GIVEN DATA:
————————
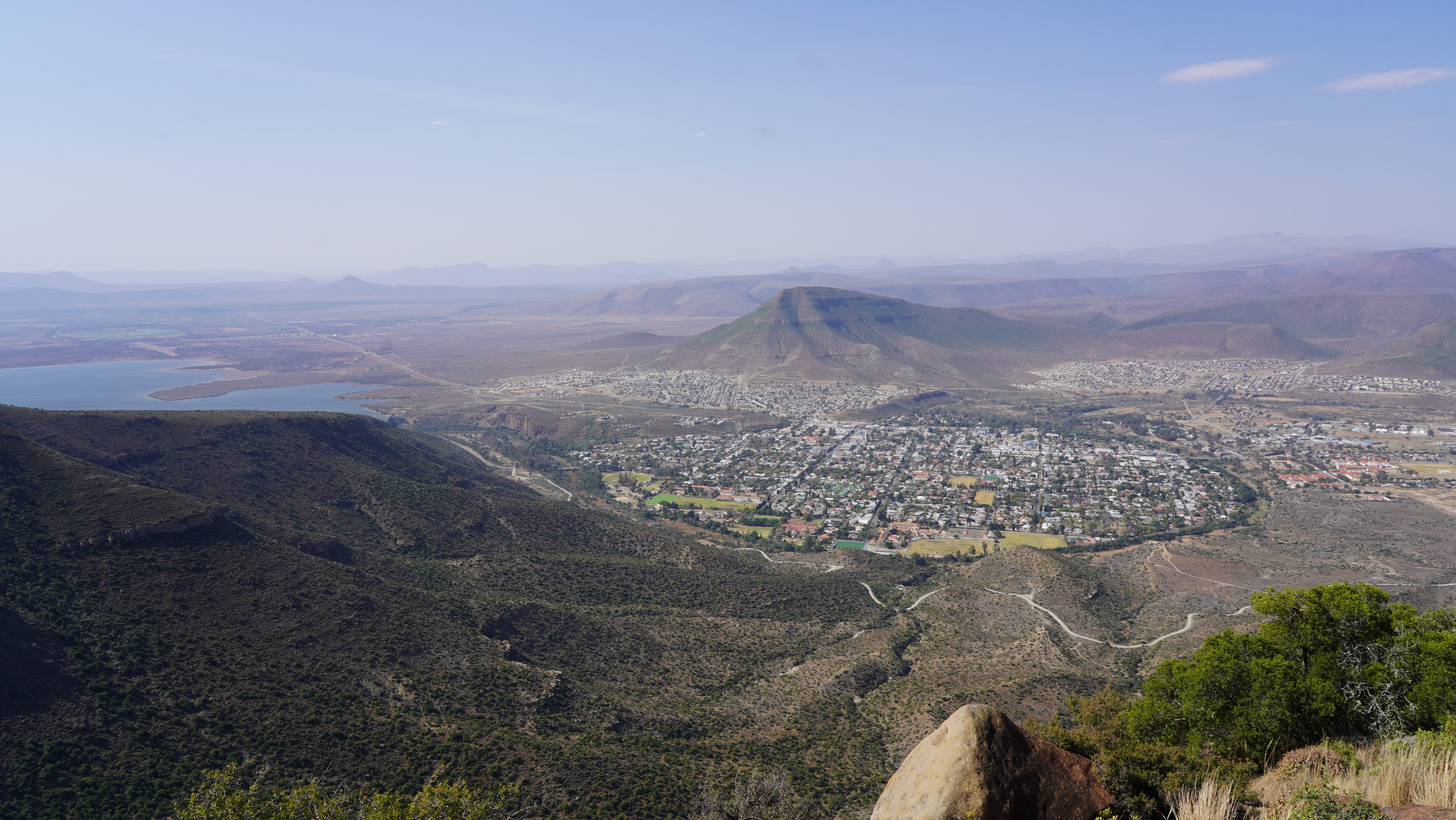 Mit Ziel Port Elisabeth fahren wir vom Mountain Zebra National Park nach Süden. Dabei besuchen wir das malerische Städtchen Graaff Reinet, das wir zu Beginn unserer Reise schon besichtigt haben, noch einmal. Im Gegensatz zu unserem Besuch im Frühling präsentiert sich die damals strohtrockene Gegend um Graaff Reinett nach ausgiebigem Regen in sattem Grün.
————————
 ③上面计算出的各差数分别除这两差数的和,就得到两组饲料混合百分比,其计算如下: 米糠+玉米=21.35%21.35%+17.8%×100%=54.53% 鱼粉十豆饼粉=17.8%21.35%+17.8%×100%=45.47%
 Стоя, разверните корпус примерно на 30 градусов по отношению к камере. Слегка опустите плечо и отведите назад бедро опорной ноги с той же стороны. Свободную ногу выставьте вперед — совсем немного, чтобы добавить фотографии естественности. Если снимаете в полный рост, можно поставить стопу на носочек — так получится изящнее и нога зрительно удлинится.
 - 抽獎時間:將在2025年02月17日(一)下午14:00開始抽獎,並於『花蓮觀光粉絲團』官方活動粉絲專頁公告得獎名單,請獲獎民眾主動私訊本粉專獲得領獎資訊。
————————
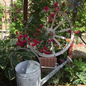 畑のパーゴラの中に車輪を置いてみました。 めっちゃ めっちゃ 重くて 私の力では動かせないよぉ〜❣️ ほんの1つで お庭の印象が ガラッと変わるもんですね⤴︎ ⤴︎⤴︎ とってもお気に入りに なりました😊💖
————————
TRY IT: Set down only the lines above that fall between the line holding "Стоя, разверните корпус" and the line holding "- 抽獎時間:將在2025年", inclusive, keeping each exact.

EXERCISE RESULT:
 Стоя, разверните корпус примерно на 30 градусов по отношению к камере. Слегка опустите плечо и отведите назад бедро опорной ноги с той же стороны. Свободную ногу выставьте вперед — совсем немного, чтобы добавить фотографии естественности. Если снимаете в полный рост, можно поставить стопу на носочек — так получится изящнее и нога зрительно удлинится.
 - 抽獎時間:將在2025年02月17日(一)下午14:00開始抽獎,並於『花蓮觀光粉絲團』官方活動粉絲專頁公告得獎名單,請獲獎民眾主動私訊本粉專獲得領獎資訊。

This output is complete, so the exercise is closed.